But government has another key role to play in supporting economic
transformation, and that is our role as regulator. Our regulatory
framework will affect our ability to attract investment, and it will
affect the confidence consumers must have if they are to buy and take full
advantage of e-economy products.
The most recent example of the power of regulation to affect the future
was before us today, as the CRTC
concluded hearings into voice-over-IP.
We need to protect intellectual capital and come to grips with the
impact instant copying and transmission has on the creators of knowledge
assets.
We need to ensure that our approach to regulating industry and markets
reinforces the development of an economy built on technological
leadership, a strong base of human capital and environmental
responsibility. We need to modernize the regulatory regime to produce the
least economic drag and disruption, while still protecting the health and
safety of Canadians and the environment.
This means government working with industry to eliminate uncertainty
and to allow orderly forward planning and investment by the private
sector. We must make clear, timely decisions on issues such as foreign
ownership. Governments must also work together to eliminate duplication
and regulatory conflict.
We continue to promote non-interventionary regulations. One example is
the new marketplace rules for protecting privacy through the Personal
Information Protection and Electronic Documents Act. The Act is based
on a voluntary code worked out between government, consumers and
industry.
We have also developed a Canadian Code of Practice for Consumer
Protection in Electronic Commerce, or the OCA Electronic Commerce
Guidelines. Here again, the intent is to protect consumers while
facilitating the e-economy marketplace in a non-intrusive way.
The Code was endorsed last January by governments across Canada. It
addresses issues such as security, privacy and dispute resolution.
Another threat to the realization of e-economy potential is spam… the
cancer of the e-economy. A few years ago, spam was a mild irritant. Today,
it is a public nuisance, an impediment to business, an invasion of privacy
and a threat to our networked infrastructure.
So far, we have not found a silver bullet, and it is unlikely we will
find one decisive solution to spam. That’s why the government’s Spam Task
Force draws on expertise from all sectors. If we combine the right
legislation, the right enforcement, the right technology and the right
education programs, we may get spam under control. Frankly, we must
succeed or risk a backlash against the very tools that will drive our
future competitive success.
Regulatory improvements are going to have to reach well beyond Canada.
Better cooperation and coordination with regulators in other countries,
where the public policy imperative is essentially the same, is essential.
Bilateral, regional and multilateral trade agreements covering ICT goods and
services are deepening. As a country, we will continue to adhere to the
primary trade agreements under the World Trade Organization. The WTO is a powerful force for
establishing key principles that will guide our trading relationship with
all WTO member
states.
Recently, I have been saying that Canada needs to shockproof itself
competitively. We have to build a competitive edge, a margin of safety. We
have to be the best.
That is why we are engaged at Industry Canada in a strategic rethink.
We are asking ourselves where we want to see the Canadian economy
10 years from now, and what policy levers can be best applied to get
us there.
The focus must be on larger, more fundamental themes, where research
and innovation, unleashed in large part by the private sector, but
nurtured by good public policy, can lead to transformative change — much
of it unknown and unpredictable from where we sit today.
It means ensuring that our human capital base is constantly renewed and
upgraded. It means investment in networks and linkages, so that teams of
experts across Canada and internationally are efficiently exchanging
information and coordinating their efforts.
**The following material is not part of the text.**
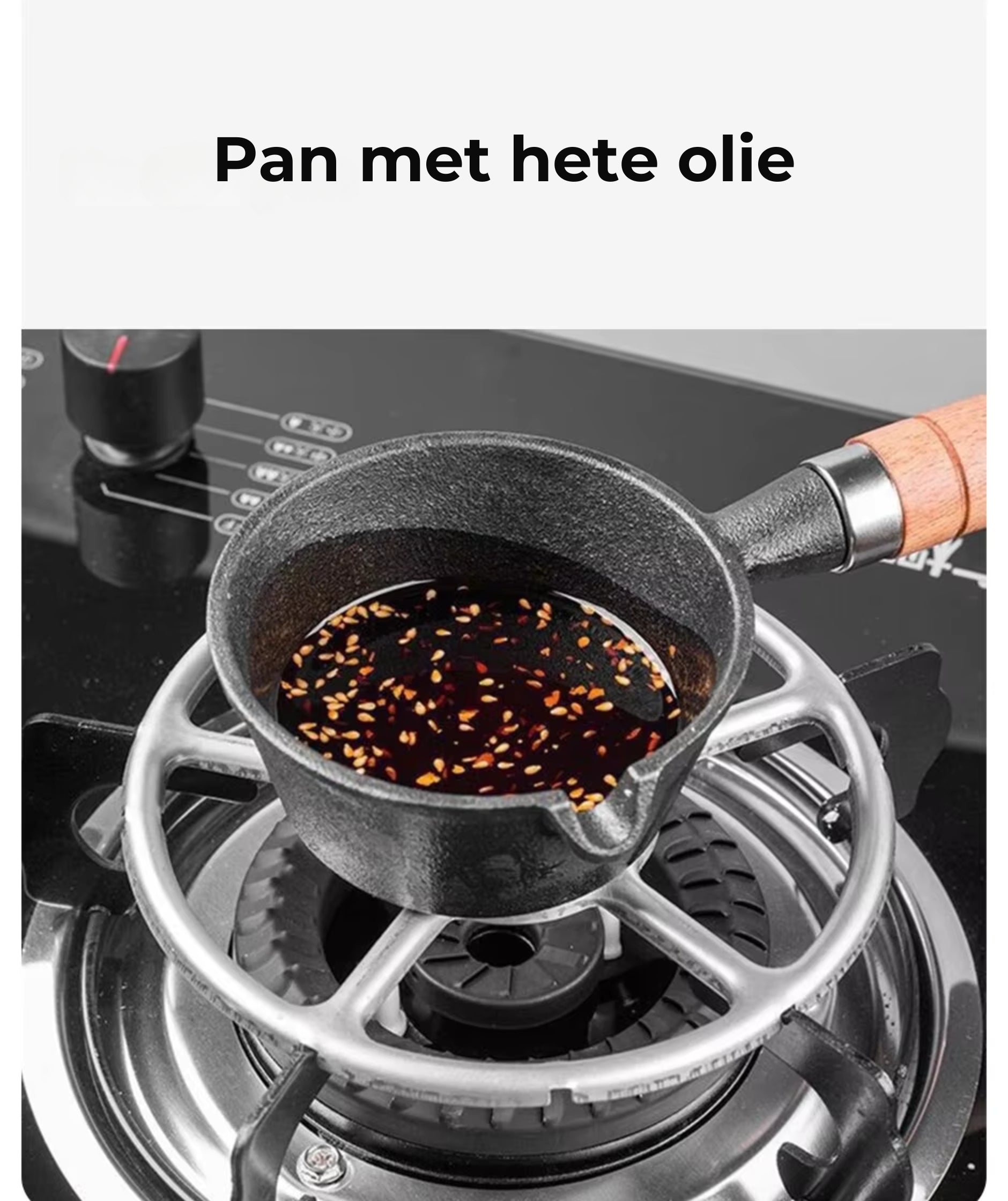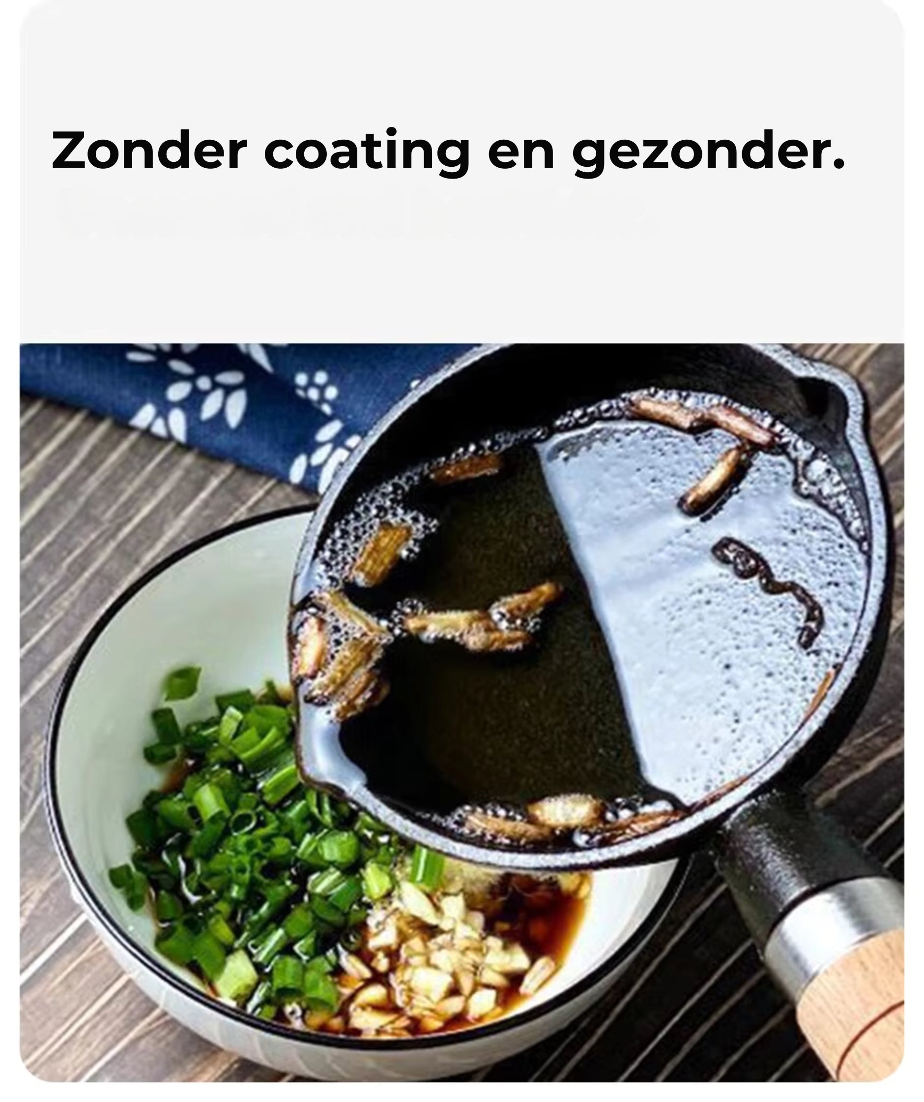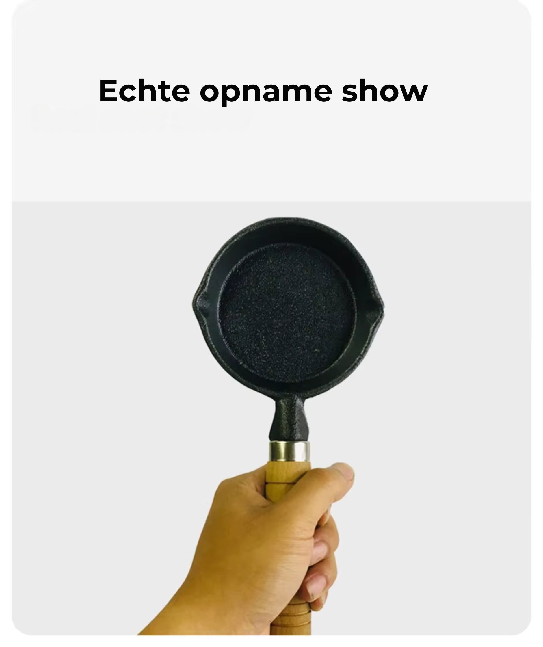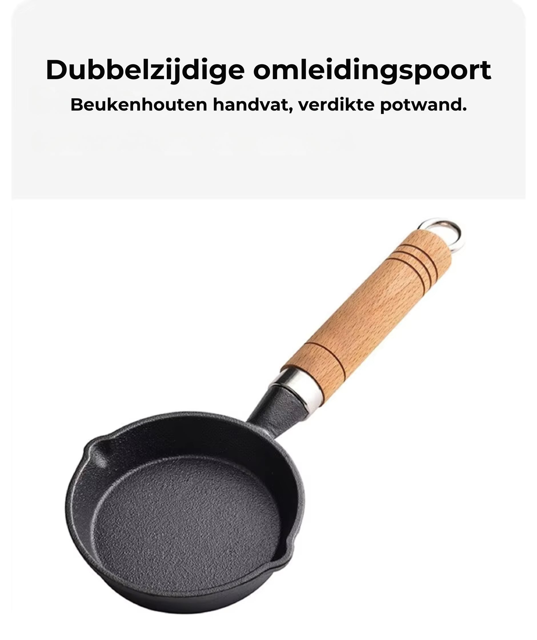 - Dubbelzijdige omleidingspoort, beukenhouten handvat, verdikte panwand.

It means having a world-leading capability to pull new scientific
developments out of the “institutional traps,” where they too often get
stuck. We will need a large population of enterprises, with the knowledge
and capital necessary to identify the scientific and technological
advances being made daily across this country, and to turn them into
commercial success stories. Great science is only a first step if we are
to reward Canadians for the investments they are making. Great science
must infuse the economy and drive better living standards for all.
There will be scientific dead ends. But there will be the occasional
home run. We must be ready to hit those home runs for Canada.
We must put Canada on a robust trajectory of prosperity for the next
generation.
In my short time as Minister of Industry, I have explored the tangled,
complex web of departments, players and interests. To affect change here
requires patience, persistence and consistent commitment to a distant
beacon. But a few degrees of change can produce a wide turn if you sustain
it long enough.
That is our goal. That is our commitment.
Thank you very much.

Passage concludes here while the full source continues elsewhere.